Each subject was asked to choose two different meal selections according to their own preferences from the menu offered by one of the Clarkson University food courts. Precise nutritional information of each food selection of the menu was readily available. A typical meal selected by subjects contained 1 to 3 different food types and 1 or 2 different drinks.

Table 1). The first meal selection was served in three of the visits (exact same food types and drinks) and used as training meals for CCS mathematical model development. The second meal selection was randomly served either in the third or the fourth visit and considered the validation meal.

Table 1.

Description of type and frequency of the foods served during the experiments (30 participants, four meals each). Portion sizes were standard sizes of foods sold in the food court

Food Item Number of times served Food Item Number of times served


Apple 13 Muffin 7
Bacon 7 Oatmeal 8
Bagel 3 Orange 7
Banana 20 Pancakes 1
Breadstick 3 Pasta 12
Brownie 3 Pickle 1
Burger 3 Pizza 16
Carrots 2 Potatoes 5
Cereal with milk 17 Salad 16
Chicken nuggets 5 Sandwich 22
Chips 12 Sausage 6
Chocolate Milk 6 Soda 12
Cinnamon Roll 6 Spinach 2
Coffee 9 Squash 1
Cookie 33 Stir fry 6
Corn 4 Meatballs 1
Eggs 10 Tea 13
French fries 6 Toast 8
Hot Chocolate 16 Turkey breast 4
Juice 22 Waffle 2
Meatloaf 1 Water 54
Milk 9 Yogurt 19
Mixed veggies 2

The subjects’ eating behavior was recorded with wearable sensors for monitoring of swallowing and jaw motion (Table 2 and Figure 1) and a video monitoring system (J. Fontana, Lopez-Meyer, & Sazonov, 2011). Each visit followed the procedure shown in Figure 2. All subjects had an unlimited time to consume the meal in the amount they desired. The stored sensor data and video were then used by a human rater to manually annotate the foods being consumed, bites, chewing sequences and boundaries of every spontaneous (saliva) and food swallow using custom-designed software (Sazonov et al., 2008). The swallowing instances and the number of chews in a chewing sequence were counted and annotated. The annotations were used to build the energy intake models described in this manuscript.

Table 2.

Description of the instrumentation module used to monitor the ingestive behavior of participants during each visit.

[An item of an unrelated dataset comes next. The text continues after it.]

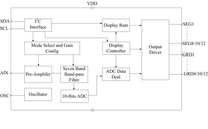 l 用戶可以通過(guò)I2C總線接口讀取音頻信號(hào)并自行設(shè)定音樂(lè)隨動(dòng)顯示方式
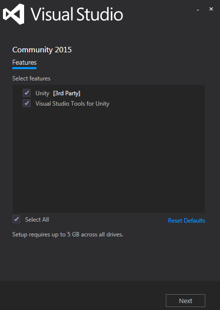 Click Install to continue the installation of Unity and the Visual Studio Tools for Unity.

MODALITY SENSOR SENSOR DESCRIPTION SENSOR LOCATION
Swallowing Throat
microphone
(IASUS NT)
The microphone allowed the
detection of swallowing
sounds.
Over the laryngopharynx (Figure 1,
left). Fastened to the neck
using a neoprene collar.
Chewing Piezoelectric
strain sensor
(LDT0-028K,
Meas-Spec Inc.)
The strain sensor allowed
monitoring the jaw motion
during chewing.
Immediately below the earlobe
(Figure 1, right). Attached to the
skin using medical adhesive
(Hollister 7730).
Videotape Digital camera
(PS3 Eye, Sony
Corporation)
A PS3 Eye camera was used
to videotape the participants
throughout the experiment.
Position of the camera was
adjusted to obtain an acceptable
view of the subject under study.

Figure 1.

Figure 1

Wearable sensors used to monitor swallowing and chewing activities. The figure on the left hand side shows the swallowing sensor, a throat microphone that captured sounds at the larynx level. The figure on the right hand side shows the chewing sensor, a piezoelectric strain sensor that captured changes in the skin curvature produced during motion of the jaw bone.

Figure 2.

Figure 2

Flow diagram describing the protocol followed to collect food intake data at each visit.

Energy intake measurements

Weighed food records

A trained member of the study staff documented the food choices and weighed all foods and beverages individually before and after each meal.

Diet diary

During the first visit, subjects were trained in completing a diet diary by a member of the study staff. Provided instructions included verbal and written information on estimation and recording of foods and portion sizes as well as “a portion estimation aid” sheet (CCTSI Nutrition Core, 2014a, 2014b). The training was only provided on the first visit so that subsequent records were obtained under conditions most similar to free living.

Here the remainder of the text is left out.